What the task requires:
From the records below, copy out exactly the lines from the one containing "Inspirujte děti od" to the one containing "Uhani so izdelani", both included. Add nothing else.

Top of Data provided

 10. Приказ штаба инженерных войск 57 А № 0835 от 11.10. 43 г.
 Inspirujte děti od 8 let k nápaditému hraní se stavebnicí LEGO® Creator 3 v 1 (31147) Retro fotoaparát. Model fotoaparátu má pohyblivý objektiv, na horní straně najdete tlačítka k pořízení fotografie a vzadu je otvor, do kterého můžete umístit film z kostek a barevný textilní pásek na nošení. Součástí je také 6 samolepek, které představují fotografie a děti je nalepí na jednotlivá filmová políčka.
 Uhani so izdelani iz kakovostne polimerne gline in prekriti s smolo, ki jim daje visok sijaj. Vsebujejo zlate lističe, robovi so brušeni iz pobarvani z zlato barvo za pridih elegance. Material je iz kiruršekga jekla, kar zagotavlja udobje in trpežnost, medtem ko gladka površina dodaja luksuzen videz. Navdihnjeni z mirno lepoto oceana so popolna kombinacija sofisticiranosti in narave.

Bottom of Data provided
Top of Data provided

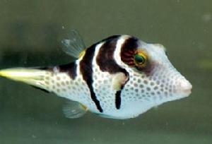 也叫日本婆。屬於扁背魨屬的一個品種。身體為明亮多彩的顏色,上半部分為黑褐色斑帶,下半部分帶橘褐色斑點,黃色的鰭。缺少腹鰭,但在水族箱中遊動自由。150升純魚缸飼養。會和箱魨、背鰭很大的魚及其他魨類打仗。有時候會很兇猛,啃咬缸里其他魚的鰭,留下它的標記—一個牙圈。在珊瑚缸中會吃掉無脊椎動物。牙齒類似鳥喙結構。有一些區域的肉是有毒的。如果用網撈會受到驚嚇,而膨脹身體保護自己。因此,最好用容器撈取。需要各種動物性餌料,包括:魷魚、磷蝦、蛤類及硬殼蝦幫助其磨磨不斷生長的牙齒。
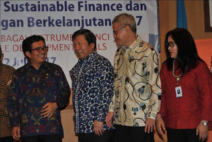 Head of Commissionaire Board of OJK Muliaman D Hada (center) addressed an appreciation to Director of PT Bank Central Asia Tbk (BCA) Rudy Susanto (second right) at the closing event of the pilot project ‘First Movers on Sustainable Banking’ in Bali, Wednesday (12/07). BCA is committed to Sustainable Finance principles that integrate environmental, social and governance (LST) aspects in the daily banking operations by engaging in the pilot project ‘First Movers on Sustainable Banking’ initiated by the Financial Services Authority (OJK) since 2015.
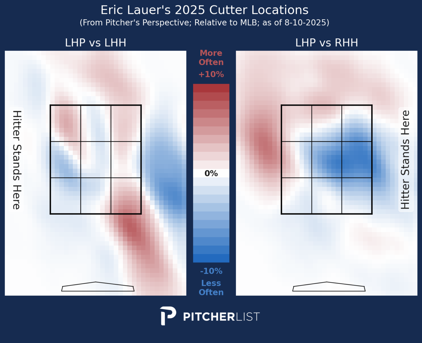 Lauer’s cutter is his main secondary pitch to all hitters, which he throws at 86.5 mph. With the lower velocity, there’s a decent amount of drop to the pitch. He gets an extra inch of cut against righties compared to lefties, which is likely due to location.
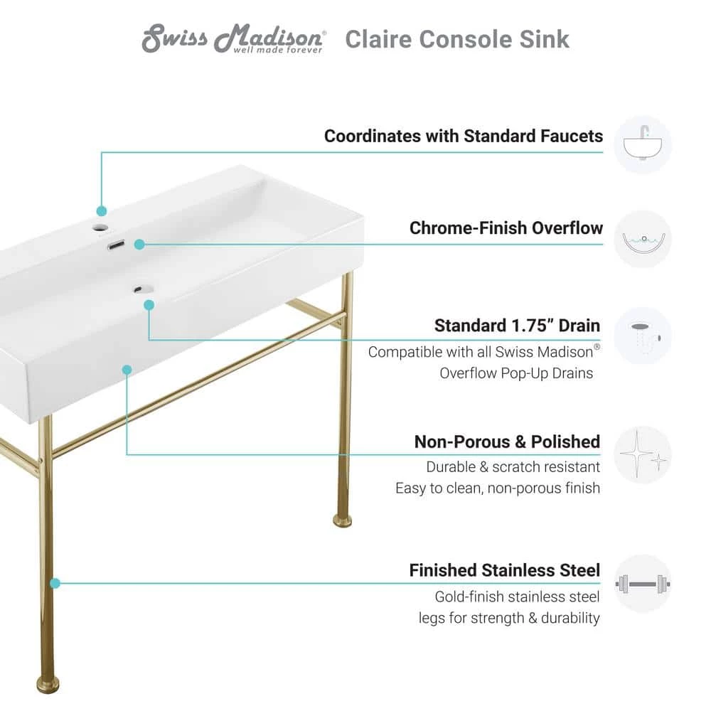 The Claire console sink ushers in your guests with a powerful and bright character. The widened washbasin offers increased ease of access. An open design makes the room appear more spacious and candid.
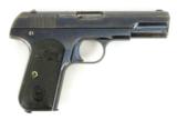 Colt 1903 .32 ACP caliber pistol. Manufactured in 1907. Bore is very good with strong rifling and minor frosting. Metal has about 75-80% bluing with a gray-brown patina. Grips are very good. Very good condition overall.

Bottom of Data provided

Task result:
 Inspirujte děti od 8 let k nápaditému hraní se stavebnicí LEGO® Creator 3 v 1 (31147) Retro fotoaparát. Model fotoaparátu má pohyblivý objektiv, na horní straně najdete tlačítka k pořízení fotografie a vzadu je otvor, do kterého můžete umístit film z kostek a barevný textilní pásek na nošení. Součástí je také 6 samolepek, které představují fotografie a děti je nalepí na jednotlivá filmová políčka.
 Uhani so izdelani iz kakovostne polimerne gline in prekriti s smolo, ki jim daje visok sijaj. Vsebujejo zlate lističe, robovi so brušeni iz pobarvani z zlato barvo za pridih elegance. Material je iz kiruršekga jekla, kar zagotavlja udobje in trpežnost, medtem ko gladka površina dodaja luksuzen videz. Navdihnjeni z mirno lepoto oceana so popolna kombinacija sofisticiranosti in narave.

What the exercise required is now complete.